(Beginning of PROVIDED MATERIAL)

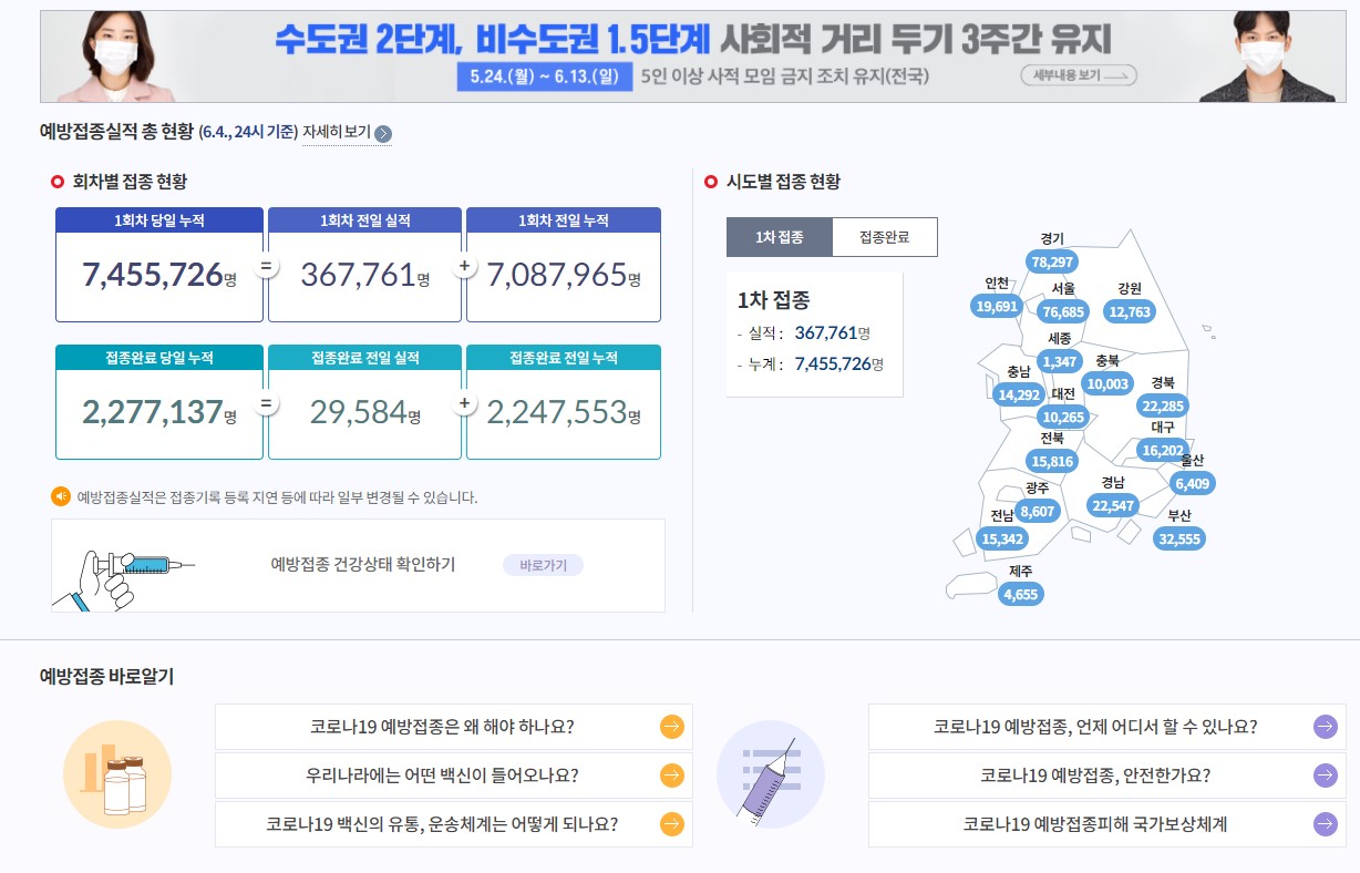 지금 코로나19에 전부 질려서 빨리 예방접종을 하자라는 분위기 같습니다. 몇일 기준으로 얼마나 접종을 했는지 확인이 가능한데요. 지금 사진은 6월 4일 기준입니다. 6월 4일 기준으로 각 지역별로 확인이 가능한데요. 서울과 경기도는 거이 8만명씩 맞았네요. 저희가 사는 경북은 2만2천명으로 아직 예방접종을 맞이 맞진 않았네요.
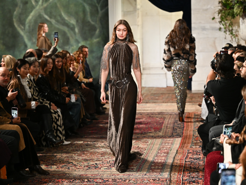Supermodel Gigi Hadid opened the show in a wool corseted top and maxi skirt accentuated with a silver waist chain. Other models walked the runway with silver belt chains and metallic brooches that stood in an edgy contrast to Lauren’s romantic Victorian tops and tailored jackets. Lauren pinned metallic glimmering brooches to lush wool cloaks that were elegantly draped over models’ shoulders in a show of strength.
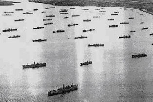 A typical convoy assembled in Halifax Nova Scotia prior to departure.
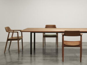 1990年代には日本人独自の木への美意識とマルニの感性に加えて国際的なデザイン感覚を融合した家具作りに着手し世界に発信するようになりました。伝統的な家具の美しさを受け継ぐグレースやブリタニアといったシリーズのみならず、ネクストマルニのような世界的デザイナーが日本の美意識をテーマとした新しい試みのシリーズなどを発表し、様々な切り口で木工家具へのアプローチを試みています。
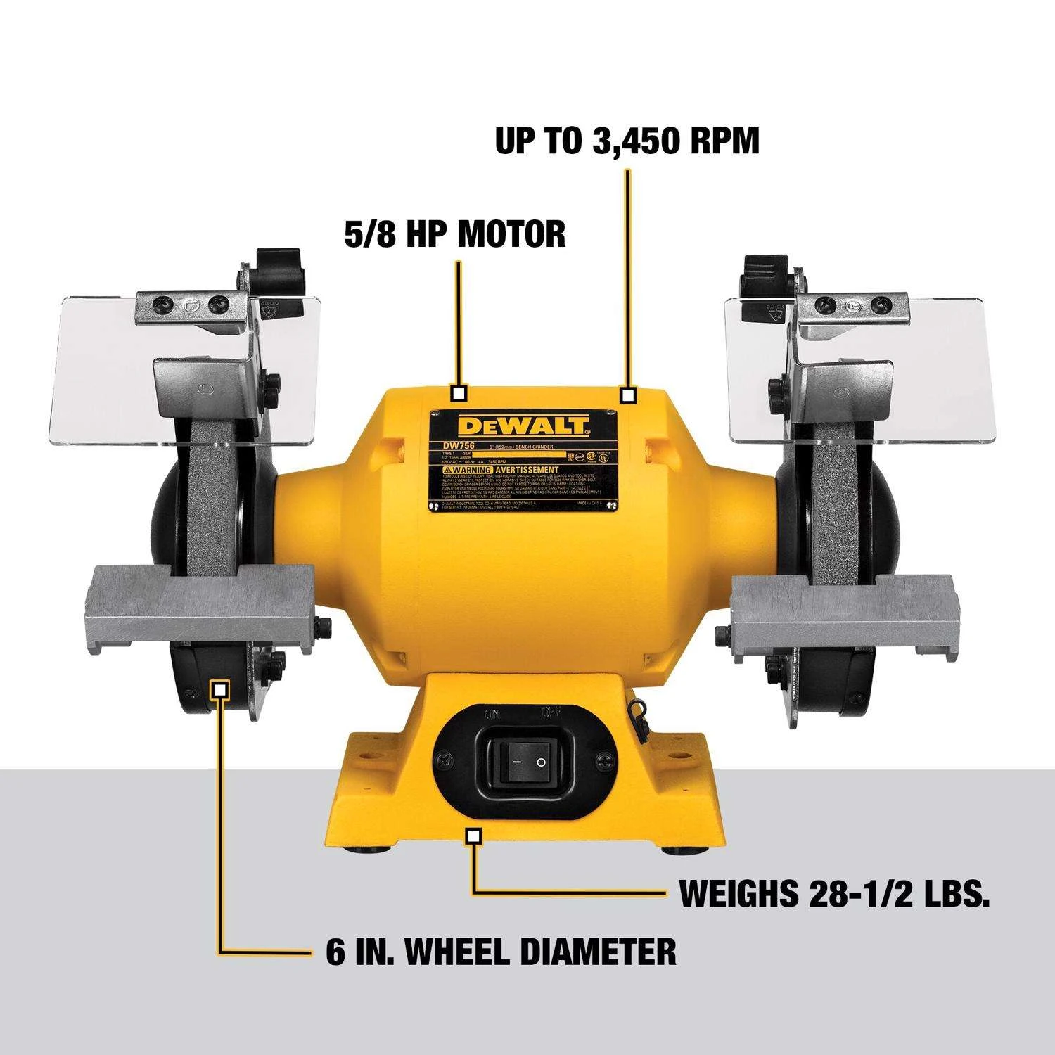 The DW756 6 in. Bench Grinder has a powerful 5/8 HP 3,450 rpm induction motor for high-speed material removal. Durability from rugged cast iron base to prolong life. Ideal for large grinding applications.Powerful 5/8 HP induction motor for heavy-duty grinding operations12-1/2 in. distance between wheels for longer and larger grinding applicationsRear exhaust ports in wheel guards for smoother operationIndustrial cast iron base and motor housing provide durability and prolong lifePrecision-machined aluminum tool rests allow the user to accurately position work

(End of PROVIDED MATERIAL)
(Beginning of PROVIDED MATERIAL)

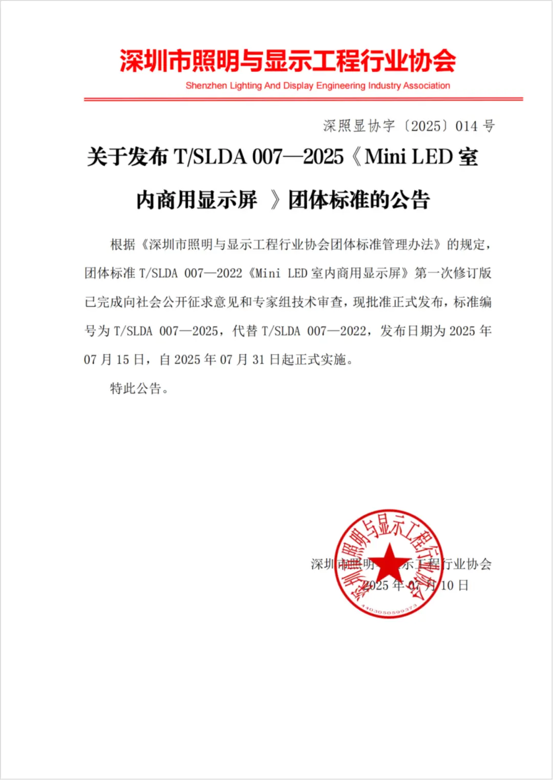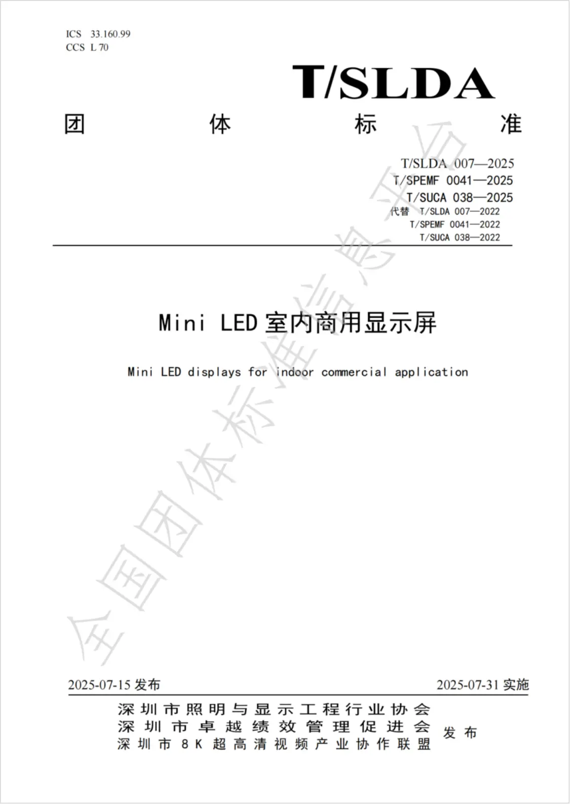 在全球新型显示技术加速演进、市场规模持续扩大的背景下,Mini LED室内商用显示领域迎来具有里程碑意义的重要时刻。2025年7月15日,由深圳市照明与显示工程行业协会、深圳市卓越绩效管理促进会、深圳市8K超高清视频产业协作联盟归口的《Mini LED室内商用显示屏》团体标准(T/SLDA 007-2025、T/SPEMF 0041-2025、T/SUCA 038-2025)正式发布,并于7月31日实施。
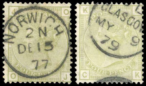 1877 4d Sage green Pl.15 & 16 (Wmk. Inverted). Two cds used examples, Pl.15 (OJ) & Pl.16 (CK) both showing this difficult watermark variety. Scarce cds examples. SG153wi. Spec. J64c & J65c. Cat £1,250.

(End of PROVIDED MATERIAL)

EXERCISE PROMPT
Return the material from the line containing "A typical convoy" through the line containing "The DW756 6", exactly and in full, but without its pictures.

RESPONSE TO THE EXERCISE
 A typical convoy assembled in Halifax Nova Scotia prior to departure.
 1990年代には日本人独自の木への美意識とマルニの感性に加えて国際的なデザイン感覚を融合した家具作りに着手し世界に発信するようになりました。伝統的な家具の美しさを受け継ぐグレースやブリタニアといったシリーズのみならず、ネクストマルニのような世界的デザイナーが日本の美意識をテーマとした新しい試みのシリーズなどを発表し、様々な切り口で木工家具へのアプローチを試みています。
 The DW756 6 in. Bench Grinder has a powerful 5/8 HP 3,450 rpm induction motor for high-speed material removal. Durability from rugged cast iron base to prolong life. Ideal for large grinding applications.Powerful 5/8 HP induction motor for heavy-duty grinding operations12-1/2 in. distance between wheels for longer and larger grinding applicationsRear exhaust ports in wheel guards for smoother operationIndustrial cast iron base and motor housing provide durability and prolong lifePrecision-machined aluminum tool rests allow the user to accurately position work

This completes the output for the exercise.